I fear people who fear artificial intelligence - wellpast
https://medium.com/@micsolana/artificial-intelligence-is-humanitys-rorschach-test-6fb1ef9c0ce4
======
gcommer
The crux of the article is that we have no clue what AGI will actually be
like, therefore it is irrational to try and reason about it. I don't buy this,
but even more importantly, the initial premise is wrong. We do have good
reasons to believe an AGI's intelligence will be at least passingly similar to
our own:

1\. One path to AGI is straight up simulating a human brain in software.

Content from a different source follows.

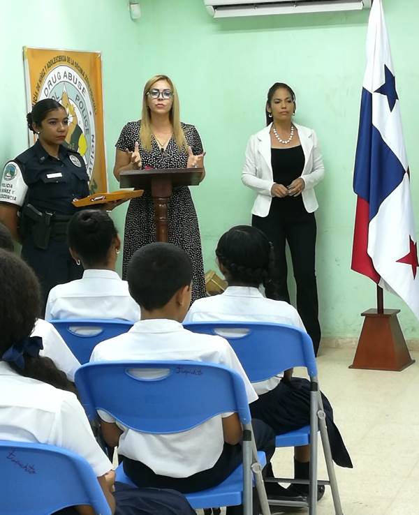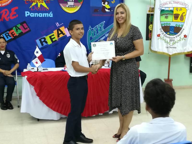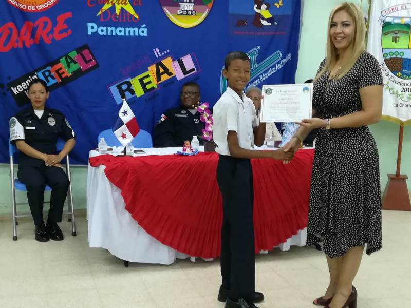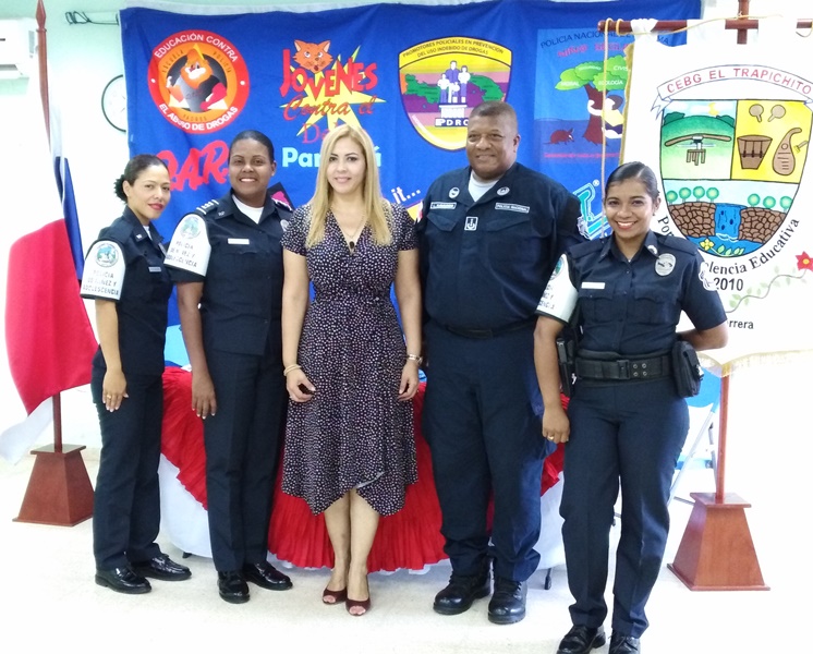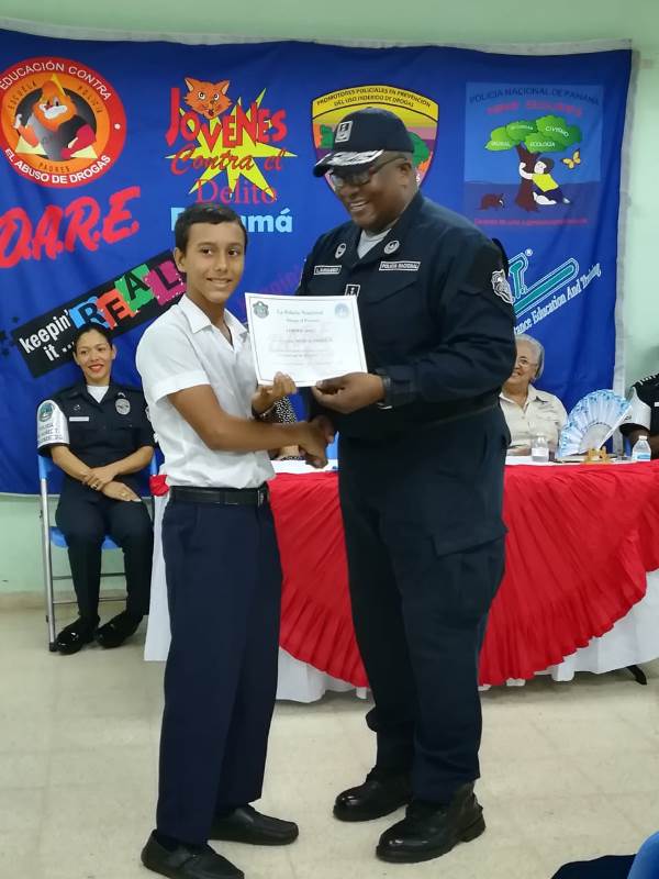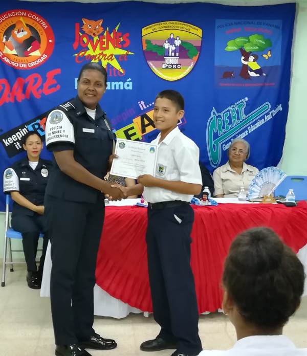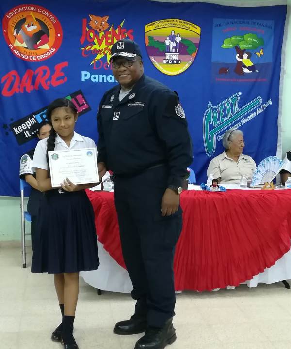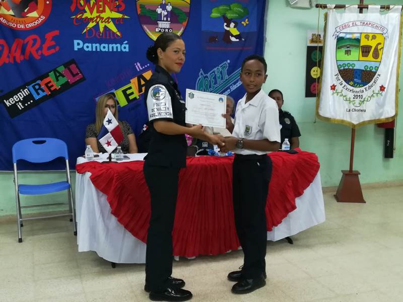 Unos 52 estudiantes del 6to. grado del Centro Educativo Básico General El Trapichito en La Chorrera, culminaron con éxito el programa preventivo de la Policía Nacional, Educación para Resistir el uso y abuso de las drogas y la Violencia (DARE), que impartieron las unidades de Niñez y Adolescencia de la 10ma. Zona. La cabo 1ro.Lourdes De Gracia instructora del curso destacó que el objetivo del programa es orientar a los estudiantes, para prevenir que sean víctimas del flagelo de las drogas y alejarlos de personas con malas costumbres que los pueden perjudicar. La entrega de certificados, reconocimientos y medallas estuvo a cargo del comisionado Luis Navarro jefe de la Zona, la Capitán Ilka Prado encargada del Servicio de Niñez y Adolescencia e La Chorrera, la directora del plantel la magister Melitza Mata, y la directora regional del SENNIAF Panamá Oeste Rosa Iturralde y la instructora cabo 1ro. Lourdes de Gracia. Por su parte la magister Melitza Mata, directora de la escuela, manifestó su agradecimiento a las unidades de la Policía Nacional, por integrar este tipo de programa en las escuelas y sobre todo pedir desde ahora, que para el próximo año su escuela pueda recibir este beneficio del cual está segura que será de gran utilidad no solamente para los estudiantes sino también para todas las la familias. |

2\. Humans are guiding AGI research; even if we don't know how we'll build it,
we always build things incrementally based on whatever available knowledge we
already have. However, we ourselves are the only high level intelligence we
have to compare against. Therefore, it's likely we'll build AGI inherently
aiming to make it similar to ourselves.

3\. The author subscribes to the runaway intelligence singularity idea to make
the case that once we have an AGI, it will likely be near-instantly at least
1000x smarter than us, and thus incomprehensibly by us. That strikes me as
unlikely; it is more likely that the first AGI will be built in some lab where
it is already maximally utilizing the computing resources it is being run on,
and will take at least a reasonable amount of time to gain enough knowledge
and control of the outside world to begin its exponential self improvement.

------
wellpast
I was disappointed with the author's reason for this fear; his idea is too
simplistic and I don't think correct: "In imagining the motivations of this
amplified intelligence, we naturally imagine ourselves." \-- he's worried that
those who think the robots will kill us are simply projecting that _that 's
what they would do_ if equipped with superior intelligence. But that's just a
silly conclusion; _fear of the unknown_ is a far more common and obvious
explanation to the frequent reaction to some AI superintelligence.